Reputation: 121
I have an animation that I made with matplotlib that I'm saving using matplotlib.animation.Animation.save()
. This works well, but my movie ends before my animation ends.
I've tried changing frame rate, interval, and movie format from .mp4
to .avi
. Is there a frame or movie size limit? How could this be fixed?
Here is my code:
# Updates animation.
def update_line(num, data, line):
line.set_data(data[..., :num])
return line,
fig1 = plt.figure()
l, = plt.plot([], [], '-')
line_ani = animation.FuncAnimation(fig1, update_line, fargs=(np.array(trajectory), l), interval=25, blit=True)
line_ani.save(file_title + '.avi')
plt.show()
While the movie should be about 15 seconds long, it ends up being 3 seconds long. I also use plt.show()
, and the animation is much longer on the matplotlib display window.

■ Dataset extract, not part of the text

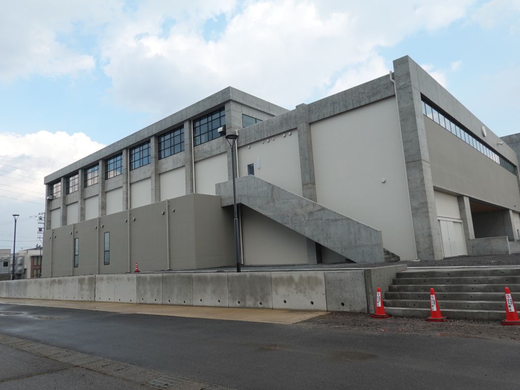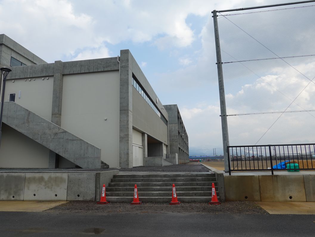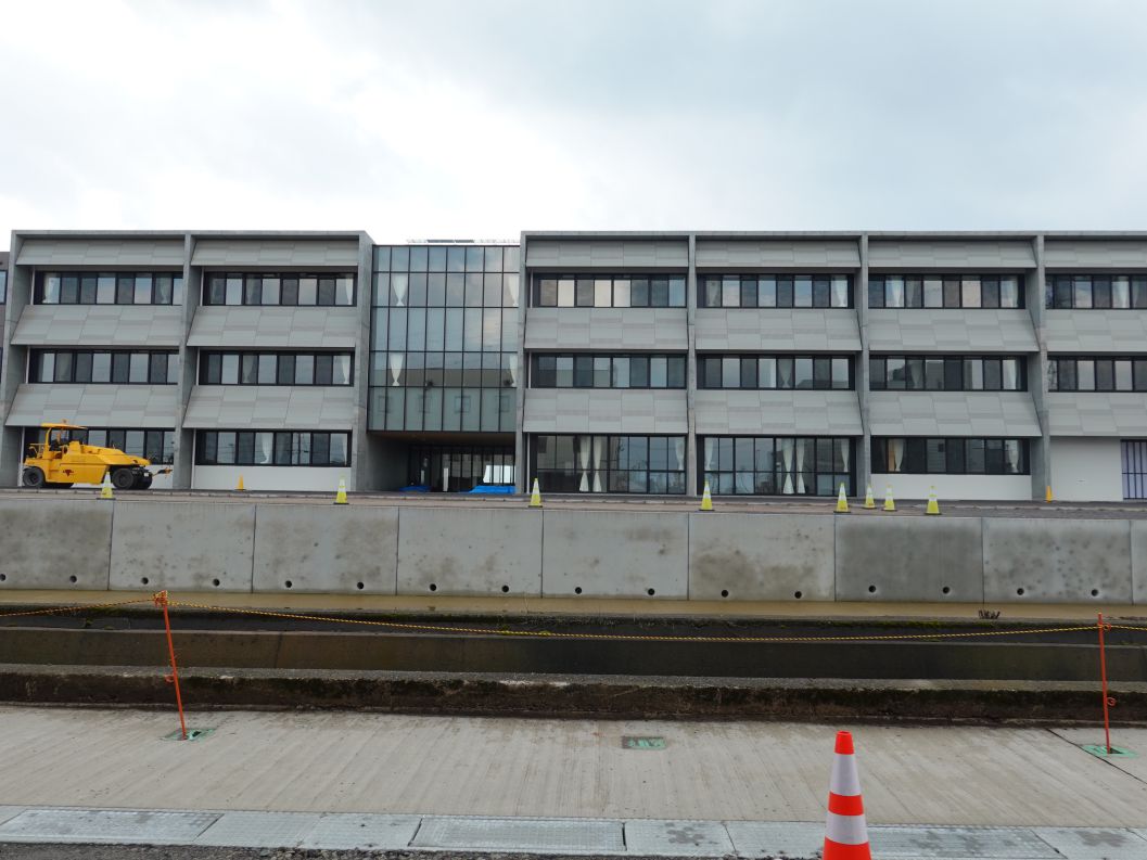 北西角です。体育館の壁はコンクリート打ちっぱなしです。敷地を囲っていた仮囲いがなくなりました。

In case it matters, I'm running on Ubuntu, with matplotlib 3.03 and python 3.6.
Upvotes: 1
Views: 1571
Reputation: 154
For anyone else who found this and OP's answer did not work, here's the solution that worked for me:
When creating the FuncAnimation object, add the named parameter save_count
, which tells the animator how many frames to save when save()
is called.
Here's the one from my code:
self.ani = anim.FuncAnimation(self.fig, lambda i: self.animate(i), frames=self.update_time, repeat=False, init_func=self.init_plot, interval=self._frame_len, save_count=self._max_frame)
A bonus is that this also lets you keep your frames
argument as a function (i.e. for interactivity when you call plt.show()
instead of save()
).
Source: https://holypython.com/how-to-save-matplotlib-animations-the-ultimate-guide/
Upvotes: 1
Reputation: 121
Edit: I was able to fix this by making the parameter frames=len(trajectory[1])
.
In short, if you can predict the length of your movie in frames, use repeat=False
and frames=number_of_frames
as parameters to .save()
.
Leaving this answer up for others to fix their bugs.